Uploading a file and typing some objects
Possibility of typing multiple objects
The inspiration came really from a moment where we needed to cut a person from a picture. We needed to make a simple extraction but we did not have the knowledge to do it or the tools (which most of them are not free like remove.bg, or what is more, not even available on Linux like Photoshop) so we decided to use Deep Learning to tackle this problem and allow to everybody do to extraction from a picture automatically.
What it does
It takes a picture, from an Internet accessible URL or an image itself uploading it, and a set of labels that are typed by the user, then we send that information to our API which then it runs a Mask-RCNN PyTorch model to extract the masks of each class. Then using that information we are able to create a mask that includes all the desired classes to extract those pixels and return it without background.
How we built it
Frontend and backend are very different components connected by API requests.
At frontend, we can see a simple HTML (with CSS and JS) that uses the library Semantic UI in order to use the UI components. This part has been deployed using GitHub pages using custom and free .ga domain below HTTPS protocol.
In the other side of the application, we have the backend which is implemented with Python 3.7. For creating the API that allows the communication between the two components, we have used Flask and OpenAPI (connected themselves with Connexion library), integrated with Docker compose. This API is hosted using uWSGI and Nginx in a small DigitalOcean droplet with a secure reverse proxy through a certbot certificate (needed for a secure connection between both components).

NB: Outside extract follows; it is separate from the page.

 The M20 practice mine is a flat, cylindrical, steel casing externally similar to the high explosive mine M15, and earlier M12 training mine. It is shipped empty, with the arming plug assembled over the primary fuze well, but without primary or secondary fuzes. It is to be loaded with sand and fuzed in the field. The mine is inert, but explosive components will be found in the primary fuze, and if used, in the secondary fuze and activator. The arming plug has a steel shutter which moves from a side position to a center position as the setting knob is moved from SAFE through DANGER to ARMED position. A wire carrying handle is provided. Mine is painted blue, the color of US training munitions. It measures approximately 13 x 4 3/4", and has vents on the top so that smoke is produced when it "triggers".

To deal with image stuff like resizes or deleting the background we use Pillow Python's library, then as a main core of the application we use torchvision and its Mask-RCNN model trained with the COCO dataset, an extension of Faster-RCNN which adds the masks of each class that has been detected.

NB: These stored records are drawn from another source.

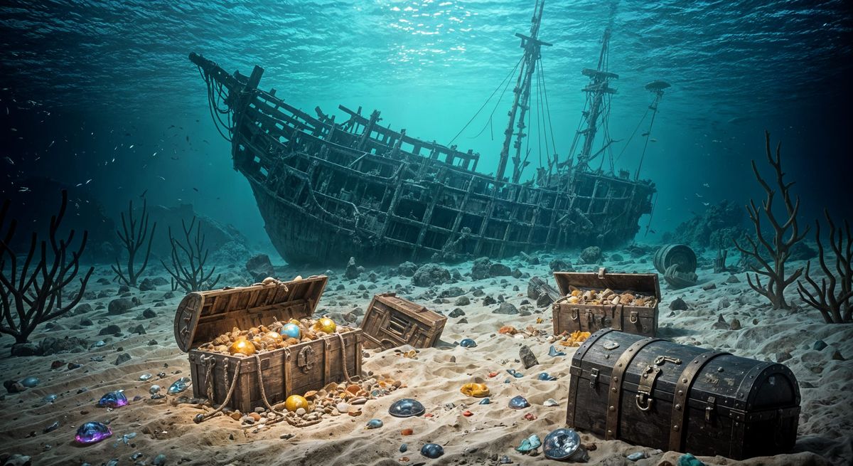 This image shows a sunken galleon wreck teeming with treasure on the ocean floor. The cinematic image features treasure chests overflowing with gold and gems amid coral and sand.
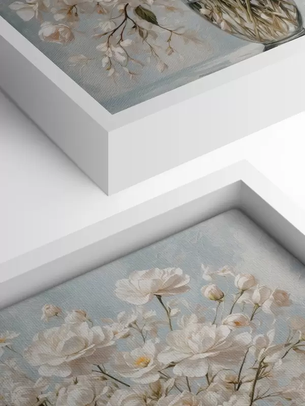 Glezna Balti ziedi caurspīdīgā vāzē akrila glezniecības stilā s42545
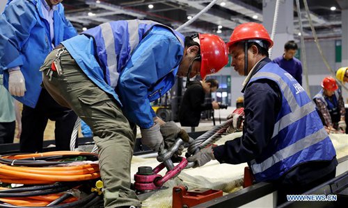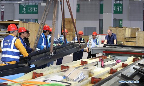 Staff members work at the assembly site of Taurus milling machine in Shanghai, east China, Oct. 17, 2018. Preliminary assembly of the milling machine, which will be the largest exhibit to be on show at China's upcoming import expo, was finished here on Monday. The exhibit is expected to cover 200 square meters of exhibiting space during the expo, which is scheduled to be held in Shanghai on Nov. 5-10. (Xinhua/Fang Zhe)
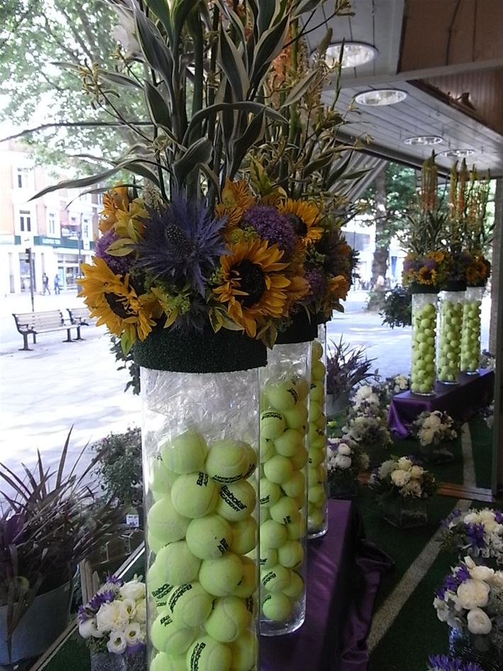 For this years Wimbledon Window display we have combined beautiful seasonal flower arrangements on top of vases filled with tennis balls. Celebrating floral abundance at this time of year and our loved British Tennis Championship. For the enthusiasts we are also running a competition to guess the men’s single and women’s single winners. Simply write the name of your prediction on a tennis ball and drop it in our window. When the winners have won we will draw from the correctly predicted tennis balls two lucky winners who will both win a beautiful bouquet of flowers to the value of £70. Good luck Andy!
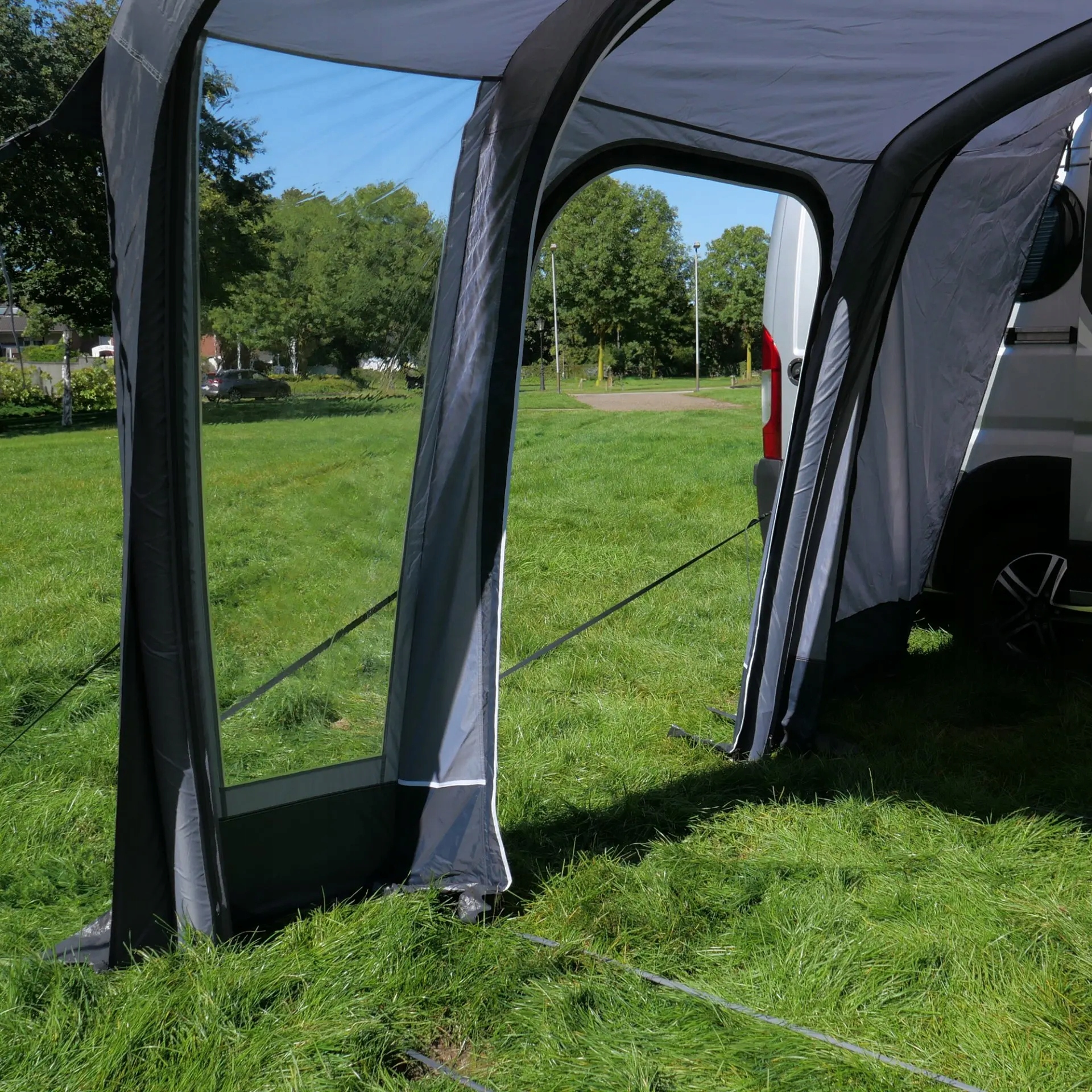 професіонал, висока якість надувний намет до будинку, фургона та причепа. швидка установка без рами, водонепроникний матеріал 5000 мм, ультрафіолетове покриття 50+ Windows з сітками комарів. Площа комунальних послуг 10 м² . Насос, сумка та оселедець включені. Ідеально підходить для кемпінгу! 4
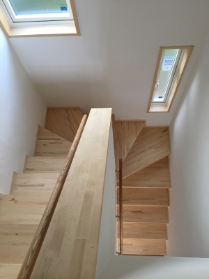 回り階段です。 階段途中が暗くならないよう窓を大きめに設けました。 低い位置の窓 Read More
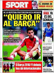 Anche l’altro quotidiano catalano Sport parla della trattativa tra Barcellona e Arsenal per portare il centrocampista spagnolo Cesc Fabregas a vestire la maglia blaugrana. Il giocatore ha più volte ripetuto al manager dei londinese Wenger la sua volontà di lasciare il club per andare a giocare in Spagna con la maglia del Barcellona.
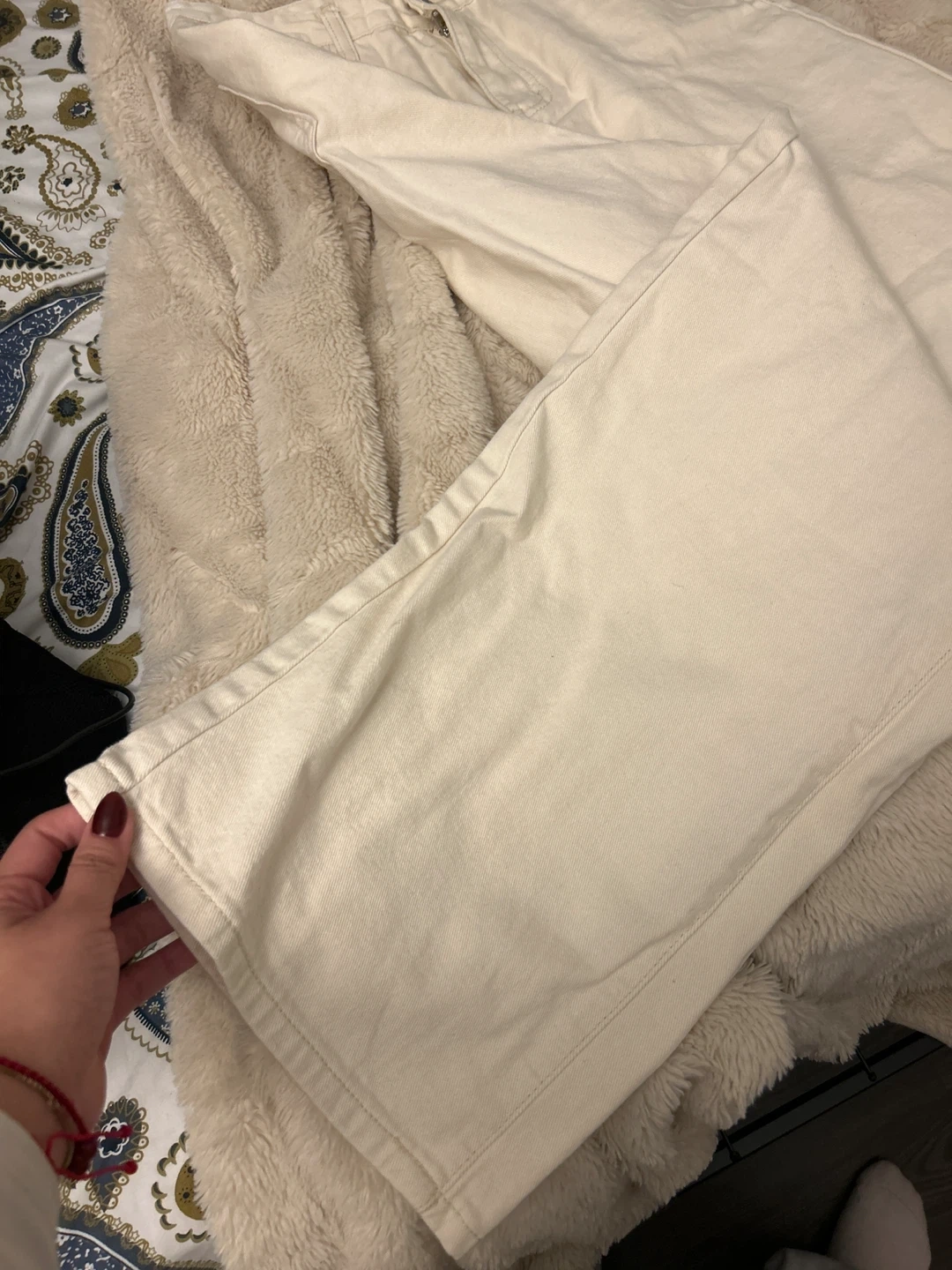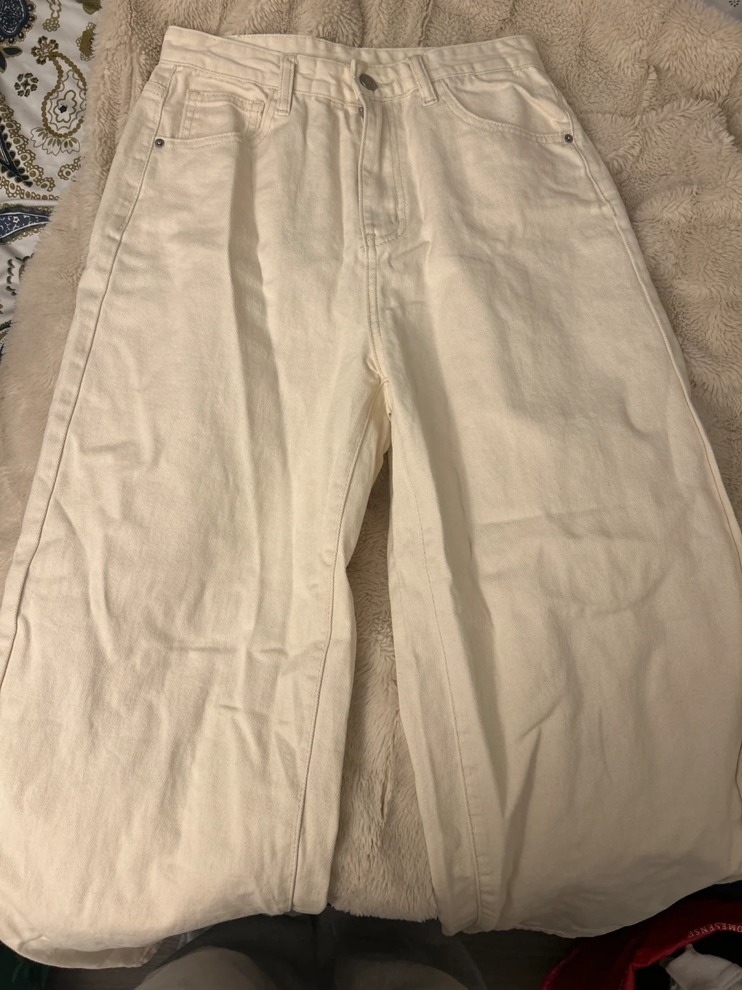 65Selling a pair of wide-leg jeans in a cream color. They're in great condition and ready for a new home! Perfect for a casual and stylish look

The model has two main stages. Firstly, using a Region Proposal Network (RPN) it generates several region proposals where there might be an object. Then, secondly, it predicts the class of the object, refines the bounding box and generates the mask in pixel level based on the first stage proposal. Using this outputted mask then we can create the image desired by the user.
Challenges we ran into
First of all, one member of the team had never worked with PyTorch, and the other one did very little (with the 0.4 version) so it was kind a challenge to get out our comfort zone. Then, our main goal was to make something actually useful so we needed to develop a complete project, not only an script or a tool available only for tech people; that created several challenges like adding the functionality of the script to a website, also the website had to be intuitive and well-designed and everything had to work smoothly.
Since we decided to use GitHub pages, with a HTTPS protocol, for deploying the frontend we needed to deploy the API with the same protocol, which encrypting and certifying a domain was a thing that no one of the team did.
Accomplishments that we're proud of
We are really proud with the final project we have developed. It is really useful and probably we will use it in the future. Our goal was to build something that someone out of tech could use daily. Looking at the result, we think that we've achieved it.
What we learned
We have learnt how beautiful can be to insert Deep Learning to your solutions using PyTorch and all its facilities: torchvision, datasets, etc. Until we came up with an idea of the project we really dived into it and we were amazed by all the possibilities it opened. Also we learnt, a lot, about how to deploy a real product (in the real world) using tools as it's been explained such as uWSGI, Nginx, etc. This last was important since we wanted to create something useful for us and for the community.
What's next for ObjectCut
ObjectCut can only extract 91 classes since it is the COCO pretrained model but it would be a nice improvement to train it with more classes. Also another feature that could be interesting to implement would be to add the option to load your saved Mask-RCNN model in the website UI.